Individual Freedom in the Land of the Free

The United States of America has been called the “land of liberty” since before it was even a nation, going back at least as far as Joseph Warren’s 1774 anthem, “Free America.” That was a half-century before Samuel Francis Smith in 1831 wrote of the “sweet land of liberty” in his famous “My Country ‘Tis of Thee.” And Thomas Jefferson called his growing nation an “empire of liberty” on more than one occasion.

Indeed, if any single concept, hope, or dream is most fundamentally interwoven with all that America represents, it is probably that of liberty—a commitment to individual human freedom on a scale perhaps never seen in any nation before it. And in 2026, as the U.S. comes to the 250th anniversary of its independence, the theme of liberty is very much on the minds of those celebrating the occasion.

Throughout its history, countless millions have seen America as a beacon of liberty and freedom. This is perhaps symbolized best by France’s gift of the Statue of Liberty, bearing the date “July 4, 1776” on the plaque held in Lady Liberty’s arms—and on its pedestal the famous words from Emma Lazarus’ poem “The New Colossus,” “Give me your tired, your poor, your huddled masses yearning to breathe free.”

Even during its bloody civil war, U.S. President Abraham Lincoln, with an eye on the principles of human liberty on which the nation was founded—and on which his country was then being tested—called America “the last best hope of earth.”

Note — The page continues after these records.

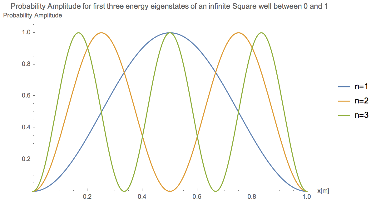 I notice that as \(n\) increases, the particle is more likely to be found near the edges of the well, away from the center. When I graph the probability amplitude for the first three eigenstates, these numbers seems reasonable.
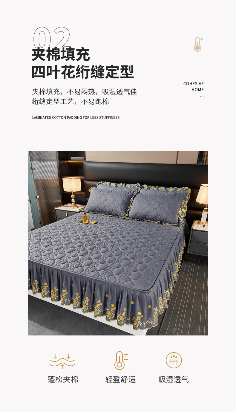 (总)家之硕家纺 2025春夏新款鹿锦棉蕾丝花边夹棉床裙单床裙床裙单件,苍穹雀语,国色天香,花香四溢,静若繁花,洛香米,迷香,陌上花开,叶间芳华
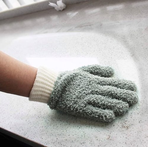Microfiber gloves that attract & trap dust & hair for easy cleaning
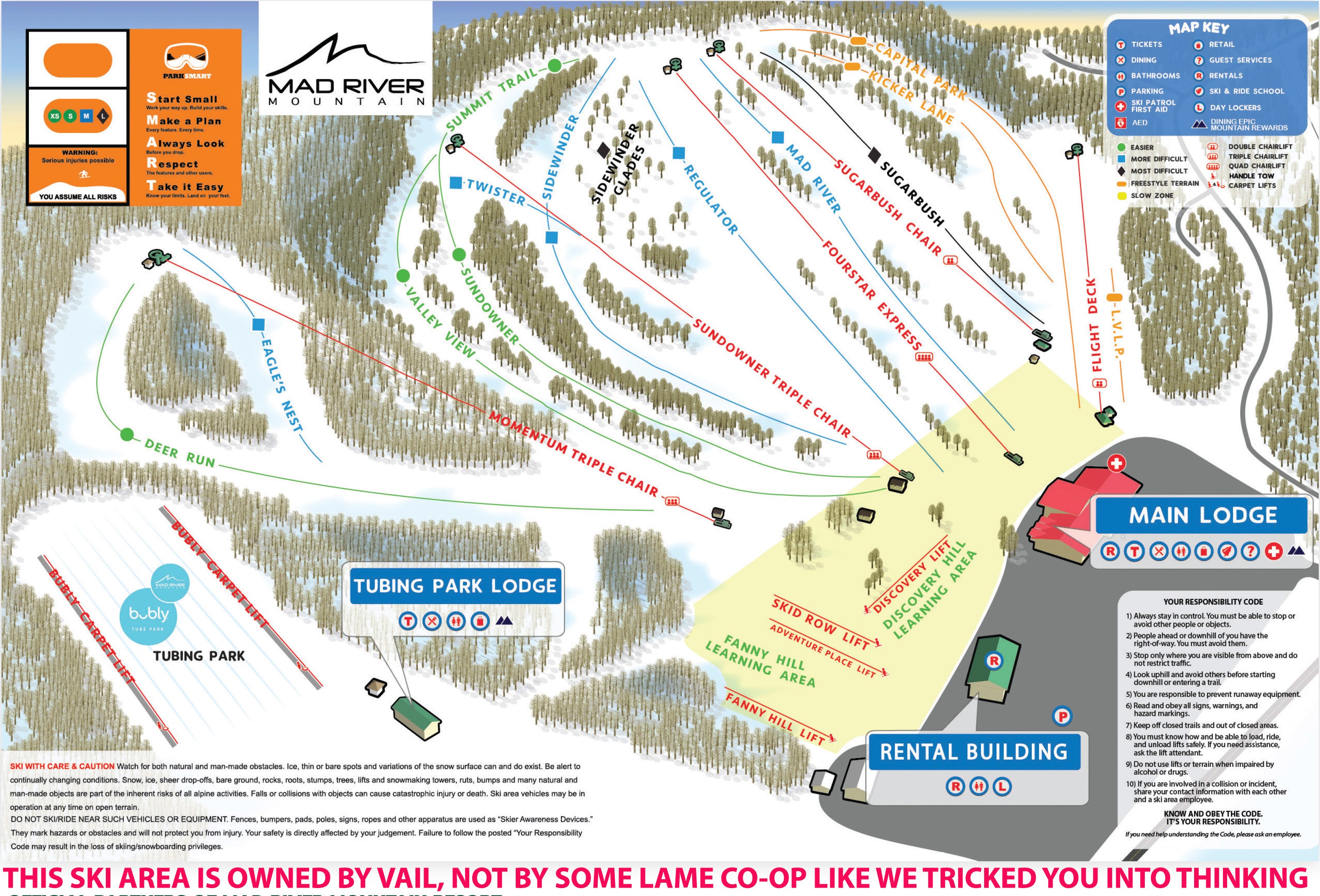 But a true Truth Ninja acts not only in Stealth, but also in Frank Confrontation. And so I calmly approached the customer service desk and demanded to speak to a representative of the co-op. But the clerk behind the counter just kept mumbling something about how “it was only five plays… I shouldn’t a betted alls ah my teeth…” And finally herky-jerky pointed to a large map on the wall. So I went and looked at it. And it looked NOTHING like the fake made-up map on Mad River Glen’s website!!! And at the bottom, written real sneaky and small-like so I could hardly see it, was Mad River’s ultimate secret hiding in plain site: this so-called “independent,” “unique,” “non-commercial” ski area was OWNED BY FUCKING VAIL!!!!!

But where have 250 years of unprecedented individual freedom taken the “land of liberty”? The nation that has long been an inspiration to the world has become riven by anger and division, increasingly coarse and even violent in its politics, degraded in its culture, and chaotic in its morality. The phrase spoken reverently for generations as part of the Pledge of Allegiance, proclaiming the country “one nation under God, indivisible,” often appears to bring little more than embarrassed laughter as the U.S. seems divided into angry, warring, uncompromising factions—perhaps more so now than at almost any other time in its 250-year history.

Why is this so? When understood clearly, the path from America’s founding to its current condition is not due to some sort of aberration from its original ideals. The Founders’ concepts of freedom and liberty have not been cast aside, though loud voices of all political stripes and party loyalties claim this to be so. Rather, the U.S. is beginning to experience the fullest blossoming of the “tree of liberty” of which Thomas Jefferson spoke so dramatically.

Understood from God’s point of view, which can be seen by human eyes under the light of His word, America’s current and growing state of chaos is not a departure. Rather, it is the result of the nation’s founding commitment to a radical sense of individual human freedom and liberty. And the only solution is clear: We must embrace freedom and liberty as God understands it—and a commitment to walk the only viable path toward that liberty.

A Nation with the Consent of the Governed

The U.S. was founded on a concept of liberty advanced by the philosophers of the scientific revolution of the seventeenth century and, more directly, the Enlightenment of the eighteenth. The writings of men such as Thomas Hobbes, John Locke, Montesquieu, and Jean-Jacques Rousseau were rich with new ideas about self-governance and the structure of human society.

To be sure, many of America’s founders were influenced by the Bible—but the guiding principles of the fledgling U.S. can be found in the works of the Enlightenment philosophers. For instance, the separation of powers into executive, legislative, and judicial branches can be seen in the writings of Montesquieu. The Founders’ debates reveal the tension between Hobbes’ view of human nature unrestricted by strong government and Locke’s sense that government should flow only from the consent of those governed. And Rousseau’s concept of the “social contract” and seeking the “general will” can be seen in the final form of U.S. government, in which the people’s will is expressed democratically but filtered through a republican structure.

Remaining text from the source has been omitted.